Exercise prompt
Take the line that contains "사람처럼 춤추는 알파카." and every line below it to the end of the entries, and give them again exactly, leaving out any pictures.

Dataset items
□ □ □

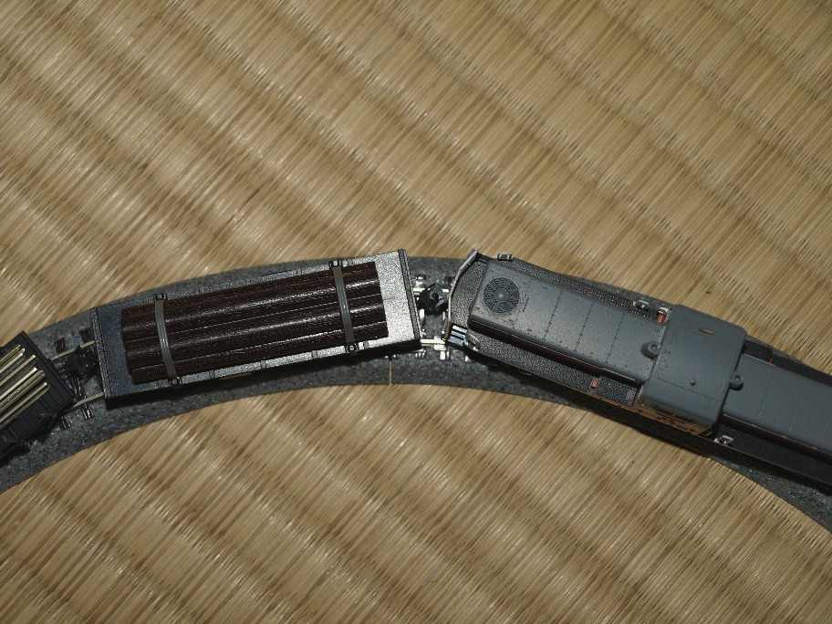 引っ張る貨車はカプラーの左右の動きが鈍い(殆ど出来ない)相手(僕の改造ミスです、原因は判っているので直しますけど、この様なテストには好都合)。
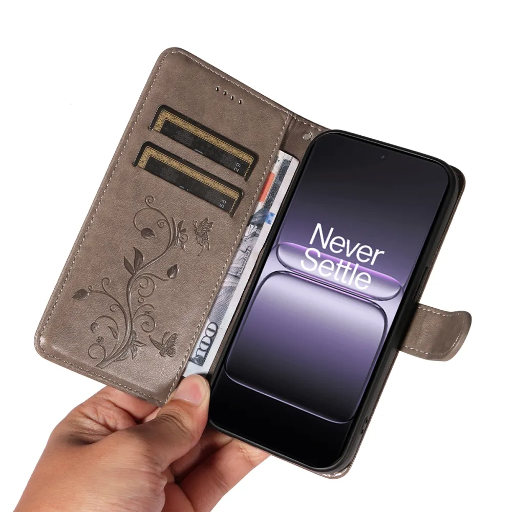Flowers knížkové pouzdro na OnePlus Nord 5 5G - šedé
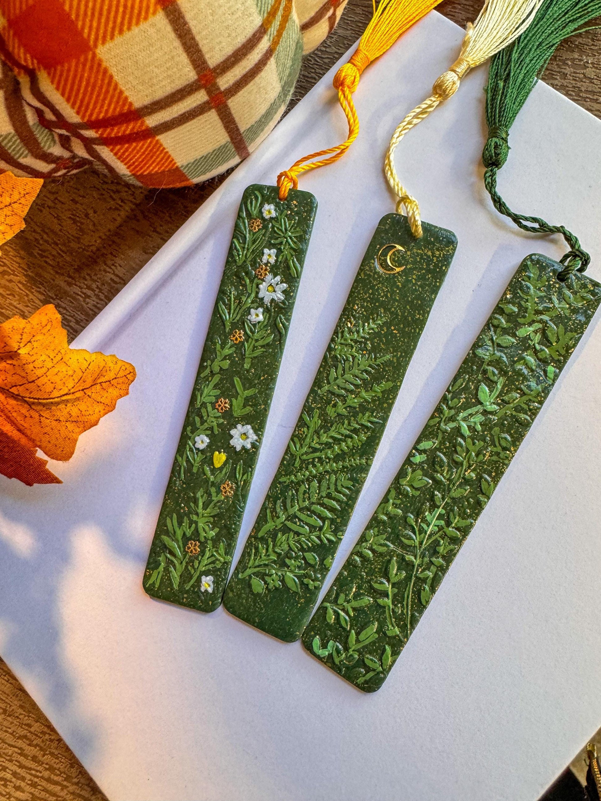 Tassel color can be changed. Message me if you’d like to see all the colors I have available. Handmade polymer clay bookmarks are made by using a clay insert to achieve beautiful, raised patterns of leaves and flowers. Bookmarks are accented with gold foil. 2 of the bookmarks have additional gold tiny flower and moon accents. All have been painted with acrylic paint to add a touch of color and then sealed with a satin clay sealer to protect the plant. Bookmarks are a beautiful and practical accessory that can add a touch of elegance and style to any book. They can be a great gift for any book lover! Slip it between the pages of your favorite book and enjoy. Each bookmark will be a unique, one-of-a-kind accessory to your book and comes encased in a black bookmark holder which is perfect for gift giving! Size: 4.5 x .75 inches. Very thin. I do my best to make each item to the best of my ability, but with any handmade item, there may be minor imperfections. Bookmarks have been finished with a clay sealer. To clean your bookmark simply run under water and towel dry.
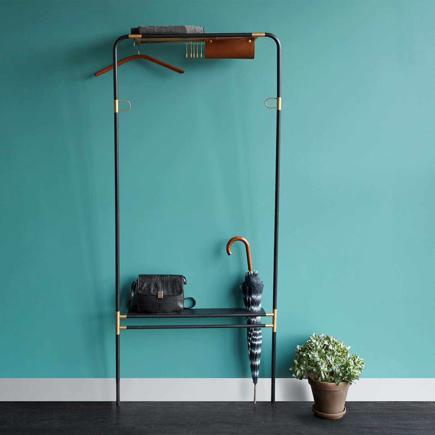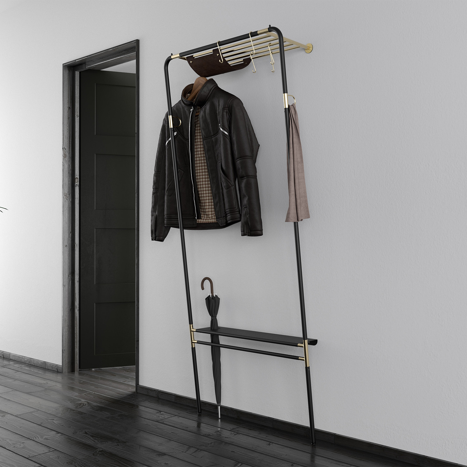 The Lean On Me clothes rack lets you comfortably store all of your outdoor essentials while taking up almost no floorspace. Because it's designed to lean at an angle away from the wall at its base, Lean On Me is perfect for narrow hallways and other places where room is tight.
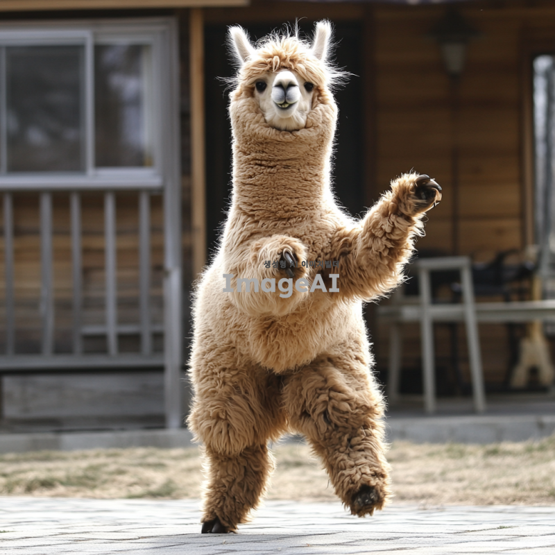 사람처럼 춤추는 알파카. 역동적인 동작으로 신나게 춤춘다. 친구들도 함께 춤춘다.
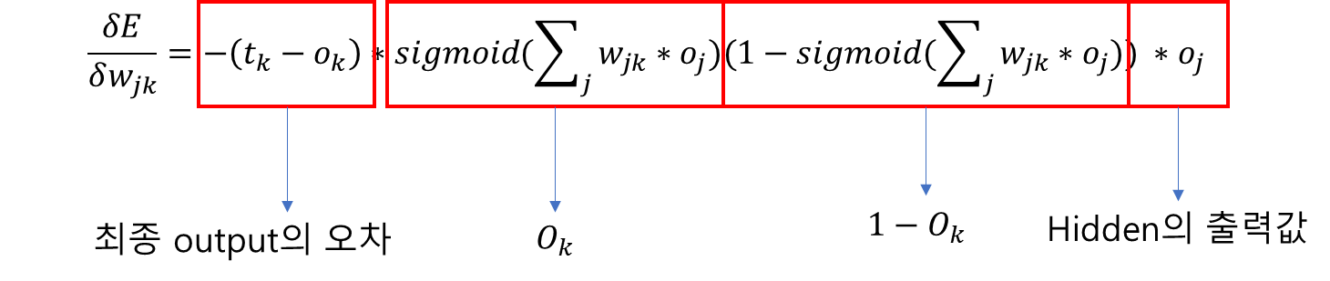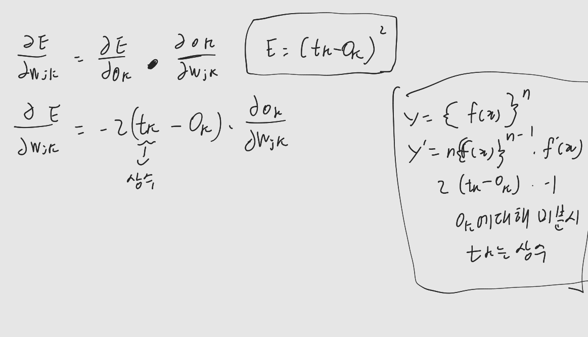 이전식에서 tk(목표값)은 상수이며, wjk값이 변하더라도 불변이다.
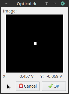To adjust the signal for optical probes, a dialogue can be used (accessible via “Adjust sensor” button next to measurement mode selection or from the main menu), assuming that the vertical probe displacement signal is connected to fast input 1 and horizontal probe displacement signal is connected to fast input 2.
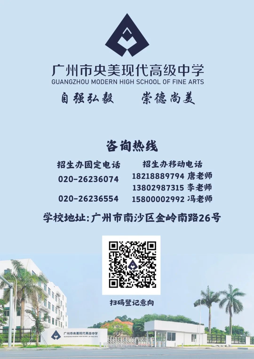 广州市央美现代高级中学(广州市南沙区金岭路 26 号,四号线广隆站步行10分钟)。
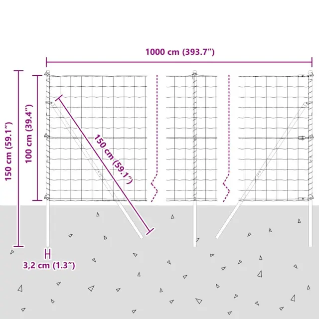 • Splošne dimenzije: 1000 x 3.2 x 100 cm (D x Š x V)
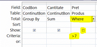 Pe linia Total, in dreptul coloanei Produs, alegem din lista derulanta Where. Astfel, specificam ca aceasta coloana este folosita pentru o comparație (filtrare) și deci nu va aparea in rezultate. Observați ca Access de-bifeaza automat Show din dreptul coloanei.
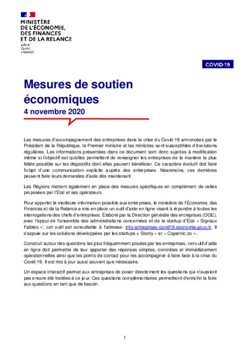 Par ailleurs, le Ministère de l’Economie et des Finances a mis en place un outil d’aide en ligne visant à répondre à toutes les interrogations des chefs d’entreprises : http://info-entreprises-Covid-19.economie.gouv.fr

□ □ □

Answer to the problem
 사람처럼 춤추는 알파카. 역동적인 동작으로 신나게 춤춘다. 친구들도 함께 춤춘다.
 이전식에서 tk(목표값)은 상수이며, wjk값이 변하더라도 불변이다.
To adjust the signal for optical probes, a dialogue can be used (accessible via “Adjust sensor” button next to measurement mode selection or from the main menu), assuming that the vertical probe displacement signal is connected to fast input 1 and horizontal probe displacement signal is connected to fast input 2.
 广州市央美现代高级中学(广州市南沙区金岭路 26 号,四号线广隆站步行10分钟)。
 • Splošne dimenzije: 1000 x 3.2 x 100 cm (D x Š x V)
 Pe linia Total, in dreptul coloanei Produs, alegem din lista derulanta Where. Astfel, specificam ca aceasta coloana este folosita pentru o comparație (filtrare) și deci nu va aparea in rezultate. Observați ca Access de-bifeaza automat Show din dreptul coloanei.
 Par ailleurs, le Ministère de l’Economie et des Finances a mis en place un outil d’aide en ligne visant à répondre à toutes les interrogations des chefs d’entreprises : http://info-entreprises-Covid-19.economie.gouv.fr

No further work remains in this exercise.